On my first trip in 2012, I took the 30-minute helicopter journey to the resort of Heron Island from Gladstone airport, 287 miles north of Brisbane. It’s a wooded 40-acre island, with 109 rooms connected by sandy paths. There’s super snorkelling and diving, and semi-submersibles run here. It feels like a Disney ride, but the sharks, turtles, and coloured fish are real enough – as are the excited shrieks from children spying orange and white clown fish, as though they’ve just found Nemo.
You can do the reef on a budget by day-tripping out to a floating platform. I boarded a catamaran in Cairns for the 90-minute journey, then snorkelled and rode in a glass-bottomed boat. A turn on a bright yellow “submarine scooter” Scuba Doo was also an option.
David Attenborough in the Triton submersible with sub-pilot Mark ‘Buck’ Taylor
If you crave coral gardens right off your luxury suite, then you’ll need to splash out on an upmarket island resort. I stayed four nights on Orpheus Island and was very reluctant to leave. Here, dives on the reef were made from a motor launch rather than a pontoon.
The 74 islands of the Whitsunday group are about halfway between Cairns and Brisbane and 40 miles from the outer reef. They’re famous for yachting and the relatively developed resort island called Hamilton. Cruise Whitsundays boats leave here for the ReefWorld pontoon – a viewing and diving platform. It’s where I enjoyed a unique reef experience called a Reef Sleep.
Up to nine guests a night are allowed to sleepover. I swam and snorkelled, watched the sunset and ate a marvellous meal of seafood chowder and steak, before bedding down in an Aussie “swag” – a canvas sleeping bag, in this case with a mattress, crisp sheets and fluffy pillows.
RT Travel Offer: cruise taking in the Great Barrier Reef, the Sydney Opera House and much more
Helicoptering to the outer reef is big with the Whitsundays’ jet set, and the most wildly popular patch of reef to fly over is Heart Reef. I cooed along with the honeymooners when the extraordinary heart-shaped coral came into view.

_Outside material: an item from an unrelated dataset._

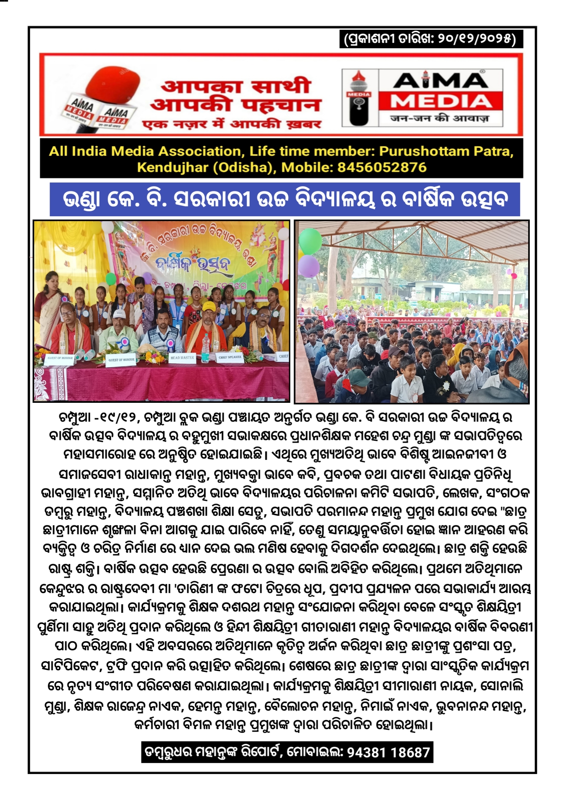 ଚମ୍ପୁଆ -19/12,ଚମ୍ପୁଆ ବ୍ଲକ ଭଣ୍ଡା ପଞ୍ଚାୟତ ଅନ୍ତର୍ଗତ ଭଣ୍ଡା କେ. ବି ସରକାରୀ ଉଚ୍ଚ ବିଦ୍ୟାଳୟ ର ବାର୍ଷିକ ଉତ୍ସବ ବିଦ୍ୟାଳୟ ର ବହୁମୁଖୀ ସଭାକକ୍ଷରେ ପ୍ରଧାନଶିକ୍ଷକ ମହେଶ ଚନ୍ଦ୍ର ମୁଣ୍ଡା ଙ୍କ ସଭାପତିତ୍ୱରେ ମହାସମାରୋହ ରେ ଅନୁଷ୍ଠିତ ହୋଇଯାଇଛି l ଏଥିରେ ମୁଖ୍ୟଅତିଥି ଭାବେ ବିଶିଷ୍ଟ ଆଇନଜୀବୀ ଓ ସମାଜସେବୀ ରାଧାକାନ୍ତ ମହାନ୍ତ, ମୁଖ୍ୟବକ୍ତା ଭାବେ କବି, ପ୍ରବଚକ ତଥା ପାଟଣା ବିଧାୟକ ପ୍ରତିନିଧି ଭାବଗ୍ରାହୀ ମହାନ୍ତ, ସମ୍ମାନିତ ଅତିଥି ଭାବେ ବିଦ୍ୟାଳୟର ପରିଚାଳନା କମିଟି ସଭାପତି, ଲେଖକ, ସଂଗଠକ ଡମ୍ବରୁ ମହାନ୍ତ, ବିଦ୍ୟାଳୟ ପଞ୍ଚଶଖା ଶିକ୍ଷା ସେତୁ, ସଭାପତି ପରମାନନ୍ଦ ମହାନ୍ତ ପ୍ରମୁଖ ଯୋଗ ଦେଇ "ଛାତ୍ର ଛାତ୍ରୀମାନେ ଶୃଙ୍ଖଳା ବିନା ଆଗକୁ ଯାଇ ପାରିବେ ନାହିଁ, ତେଣୁ ସମୟାନୁବର୍ତ୍ତିତା ହୋଇ ଜ୍ଞାନ ଆହରଣ କରି ବ୍ୟକ୍ତିତ୍ୱ ଓ ଚରିତ୍ର ନିର୍ମାଣ ରେ ଧ୍ୟାନ ଦେଇ ଭଲ ମଣିଷ ହେବାକୁ ଦିଗଦର୍ଶନ ଦେଇଥିଲେ l ଛାତ୍ର ଶକ୍ତି ହେଉଛି ରାଷ୍ଟ୍ର ଶକ୍ତି l ବାର୍ଷିକ ଉତ୍ସବ ହେଉଛି ପ୍ରେରଣା ର ଉତ୍ସବ ବୋଲି ଅବିହିତ କରିଥିଲେ l ପ୍ରଥମେ ଅତିଥିମାନେ କେନ୍ଦୁଝର ର ରାଷ୍ଟ୍ରଦେବୀ ମା 'ତାରିଣୀ ଙ୍କ ଫଟୋ ଚିତ୍ରରେ ଧୂପ, ପ୍ରଦୀପ ପ୍ରଯ୍ୟଳନ ପରେ ସଭାକାର୍ଯ୍ୟ ଆରମ୍ଭ କରାଯାଇଥିଲା l କାର୍ଯ୍ୟକ୍ରମକୁ ଶିକ୍ଷକ ଦଶରଥ ମହାନ୍ତ ସଂଯୋଜନା କରିଥିବା ବେଳେ ସଂସ୍କୃତ ଶିକ୍ଷୟିତ୍ରୀ ପୁର୍ଣିମା ସାହୁ ଅତିଥି ପ୍ରଦାନ କରିଥିଲେ ଓ ହିନ୍ଦୀ ଶିକ୍ଷୟିତ୍ରୀ ଗୀତାରାଣୀ ମହାନ୍ତ ବିଦ୍ୟାଳୟର ବାର୍ଷିକ ବିବରଣୀ ପାଠ କରିଥିଲେ l ଏହି ଅବସରରେ ଅତିଥିମାନେ କୃତିତ୍ୱ ଅର୍ଜନ କରିଥିବା ଛାତ୍ର ଛାତ୍ରୀଙ୍କୁ ପ୍ରଶଂସା ପତ୍ର, ସାଟିପିକେଟ, ଟ୍ରଫି ପ୍ରଦାନ କରି ଉତ୍ସlହିତ

Most southerly of the reef resorts is Lady Elliot Island, which is reached by light aircraft from the mainland town of Bundaberg. It has the feel of a research institute, though with a buffet restaurant and tiny pool. Soon after landing, I was treated to a hearty dinner of lamb stew, then invited to go turtle watching. Before long I was lying in the warm sand to watch a female turtle digging her egg chamber.